2) Loading Data to BigQuery

Given all of the different methods of loading data to BigQuery, what’s the best way to do it?

Danilo Drobac
10 min readNov 22, 2022
Data With Dro — Loading Data to BigQuery

This article is Part 2 of a series titled “Real World Python for Data Engineering” (linked).

Each article progresses on what’s been built in the previous article so it’s best to check those out first if you wish to follow along!

Intro

In Part 1 of this series, we successfully made requests to the Rick and Morty API, paginating through all of the results and storing them all in a local variable.

Now, as in the real world, we want to store that data somewhere useful, like a Data Warehouse.

For this tutorial, and because of my background as a Google Cloud Platform data engineer, I’ll be choosing to store this data in BigQuery.

You could choose from alternatives: Azure Data Warehouse for Microsoft folk, Redshift for AWS lovers, or Snowflake for cool kids who like to stay current.

You can read more about the role Data Warehouses play in the Modern Data Stack here:

There’s a plethora of ways to load data into BigQuery…

You can load it using the gcloud CLI. Load from a DataFrame.
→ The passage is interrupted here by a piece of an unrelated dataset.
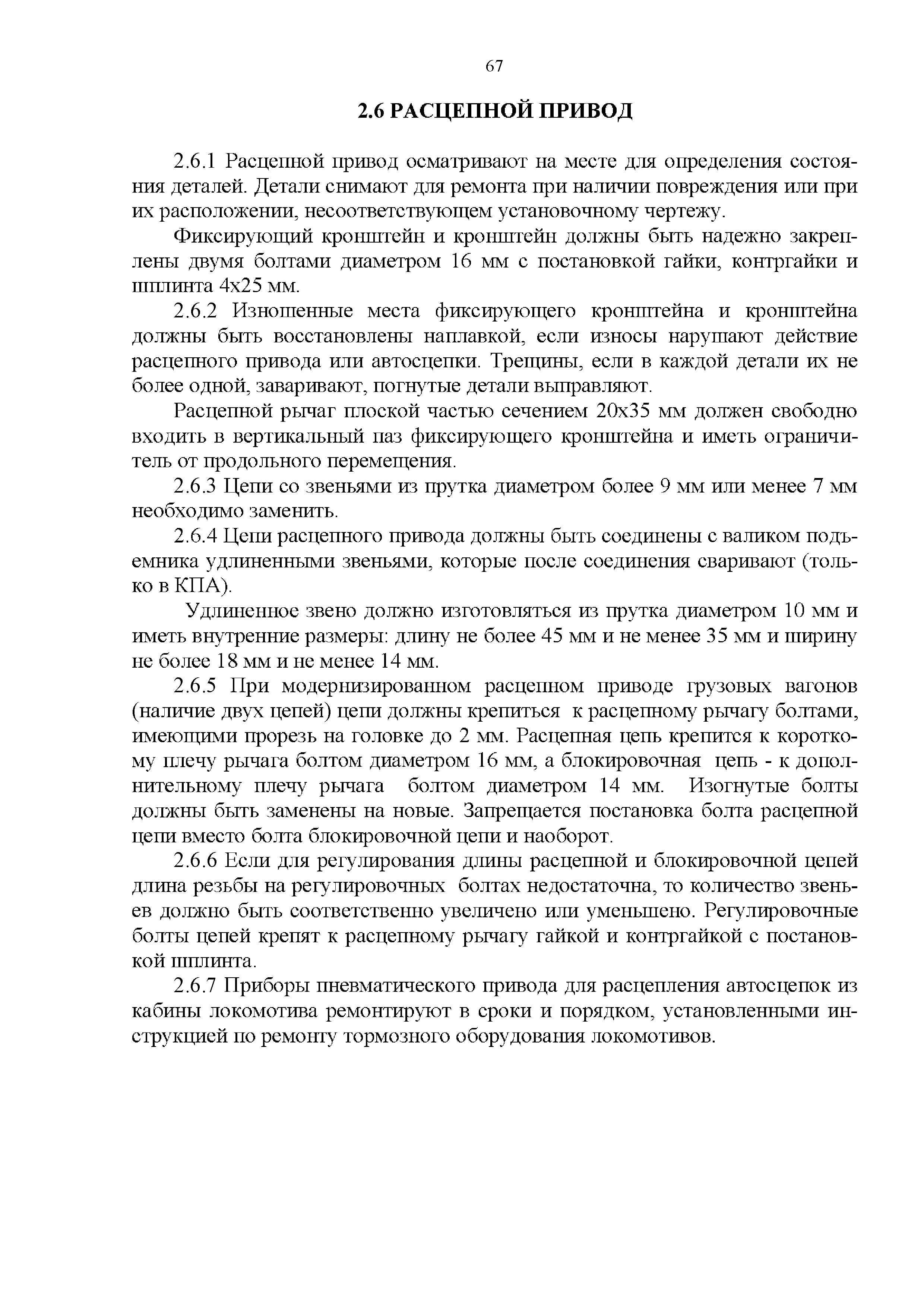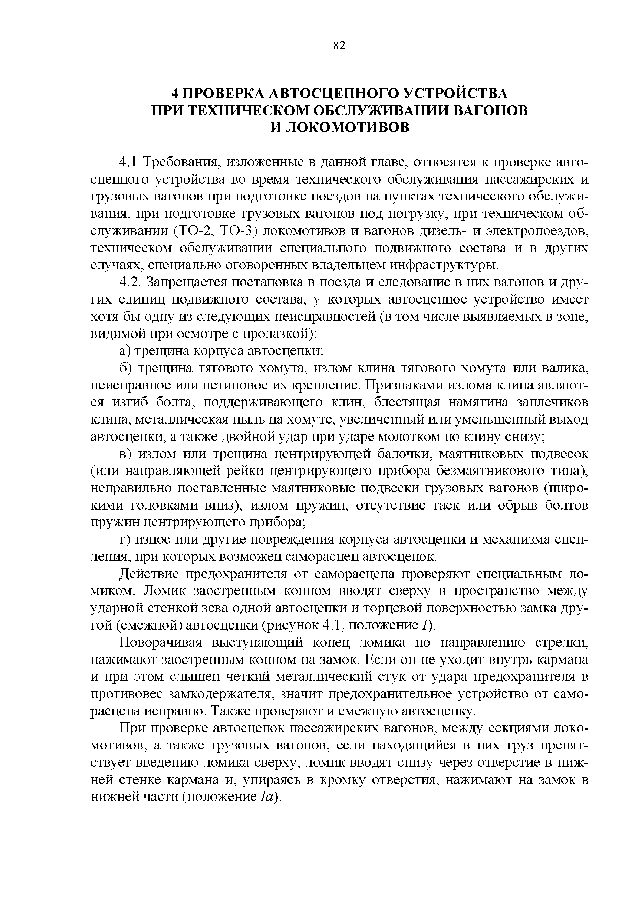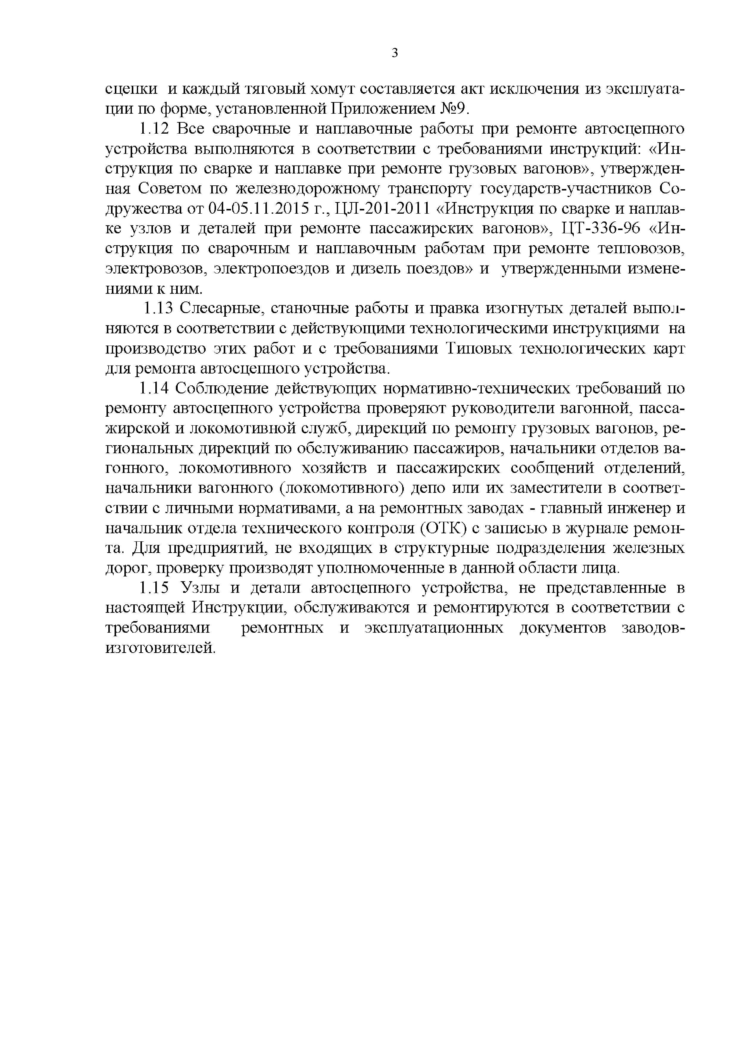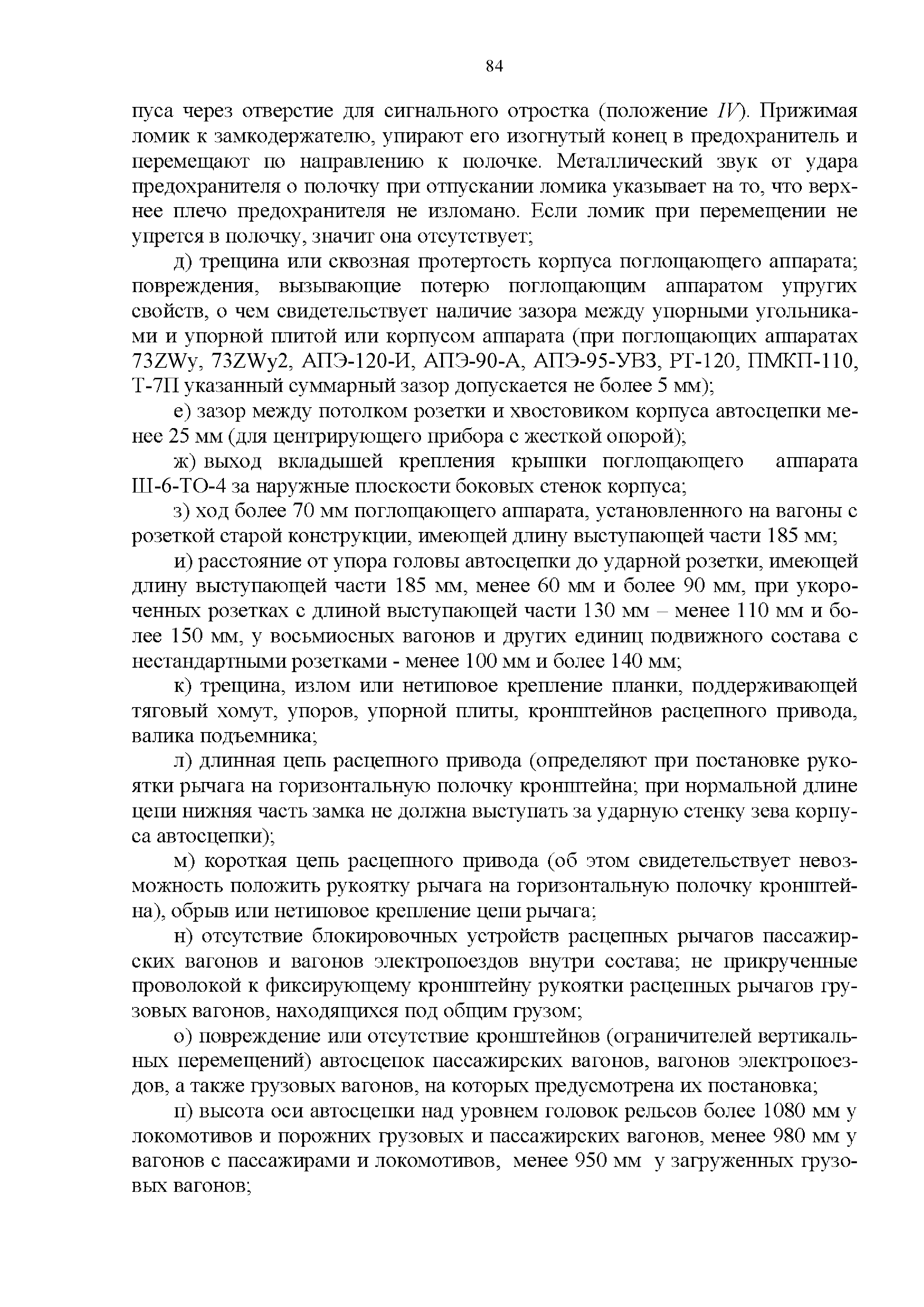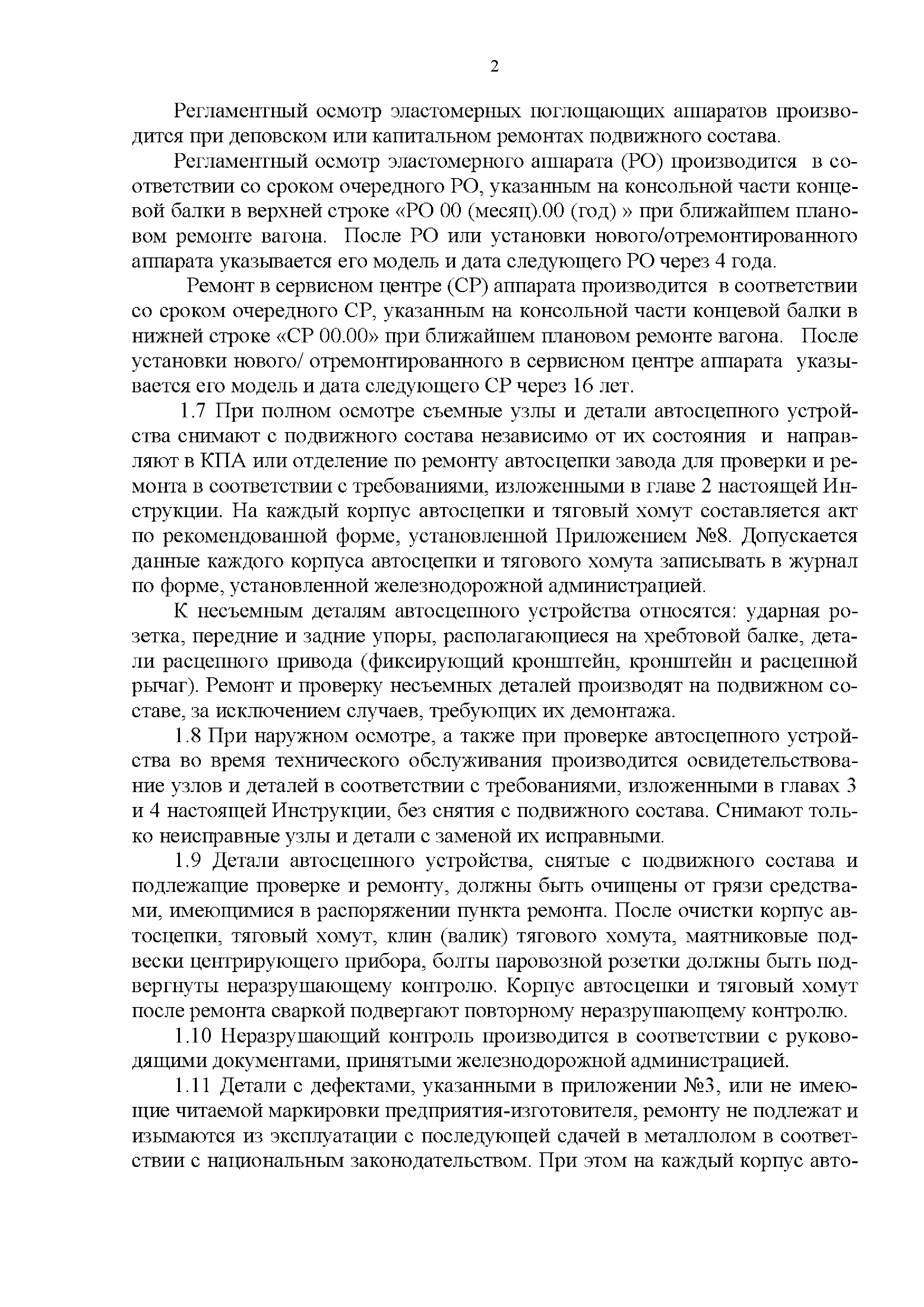 Инструкция по ремонту и обслуживанию автосцепного устройства подвижного состава железных дорог| Статус: | действует | | Название рус.: | Инструкция по ремонту и обслуживанию автосцепного устройства подвижного состава железных дорог | | Дата добавления в базу: | 01.02.2020 | | Дата актуализации: | 01.01.2021 | | Область применения: | Документ предназначен для работников контрольных пунктов автосцепки (КПА) депо и отделений по ремонту автосцепки вагоно- и локомотиворемонтных заводов, а также для специализированных подразделений предприятий по ремонту подвижного состава любой формы собственности, имеющих аттестат установленной формы, выданный железнодорожной администрацией. | | Оглавление: | 1 Общие положения 2 Полный осмотр 2.1 Автосцепка 2.2 Поглощающие аппараты 2.3. Тяговые хомуты 2.4 Клин, валик тягового хомута, упорная плита, передние и задние упоры, поддерживающая планка, планка против истирания 2.5 Детали центрирующего прибора 2.6 Расцепной привод 2.7 Клеймение и окраска отремонтированных и проверенных узлов и деталей автосцепного устройства 2.8 Установка автосцепного устройства 3 Наружный осмотр 4 Проверка автосцепного устройства при техническом обслуживании вагонов и локомотивов 5 Срок гарантии автосцепного устройства Приложение № 1. Примерный перечень оборудования и рекомендуемый технологической оснастки КПА и отделений автосцепки | | Утверждён: | 18.05.2010 Совет по железнодорожному транспорту Государств - участников Содружества (54)

A CSV file. JSON records. A file hosted in GCS.

The common theme is that under the hood, these all create a LoadJob which is used to load the data into a specified table with some additional bits of information that BigQuery needs (such as a table schema).

The other approach is to not load the data (which loads it as a table) but rather stream records directly into the table. The difference here is for another article, but I’m just making you aware that there’s an alternative approach.

Methodology

Let’s break down the different parts of this tutorial:

  1. Load our data into pandas and create the row_hash and ingestion_date fields.
  2. Denormalise the data into an un-nested DataFrame.
  3. Create a schema object for BigQuery.
  4. Load the data to BigQuery

A few additional pieces of information/pre-requisites for this:

  • You will need a Google Cloud Platform account and project set-up: https://cloud.google.com/free
  • You’ll need to install the gcloud CLI and authenticate locally using gcloud auth login and set your project ID to the project you created/will be using for this tutorial: https://cloud.google.com/sdk/docs/install
  • You’ll need to enable the BigQuery API
  • A dataset called rick_and_morty needs to be created within BigQuery
  • I’m using WSL2 on Windows 22H2
  • I’ll be implementing this in Python 3.8
  • Dependency management will be done through pipenv, requirements are requests ,pandas and google-cloud-bigquery and black as a dev dependency for auto-formatting (another topic of discussion).

Processing Order

In our finished main.py file, the processing order is as follows:

1) Processing order
  • We use the results to run prepare_data and get our finished json_records and schema .
  • We create a BigQuery Client instance.
  • We build a LoadJobConfig from our schema
  • Then finally, we load our data to BigQuery.

I. Loading Data to DataFrame

If we remember back to the last tutorial, it ended with us having a list of CharacterSchema objects stored in a variable called results .

By default, pandas can load a DataFrame from a list of dataclass objects, but as we have nested data within this, we want to use another function to load the data.

The function that does this is wrapped in the prepare_data function which is in the main.py file and looks like this:

2) prepare_data() function in main.py

We can see that the first line in the function creates the DataFrame by using the pd.json_normalize() function. This function takes JSON input and converts any nested structures into separate fields separated by “.” (default). For example, location which has name and url as fields would be turned into location.name and location.url in the DataFrame.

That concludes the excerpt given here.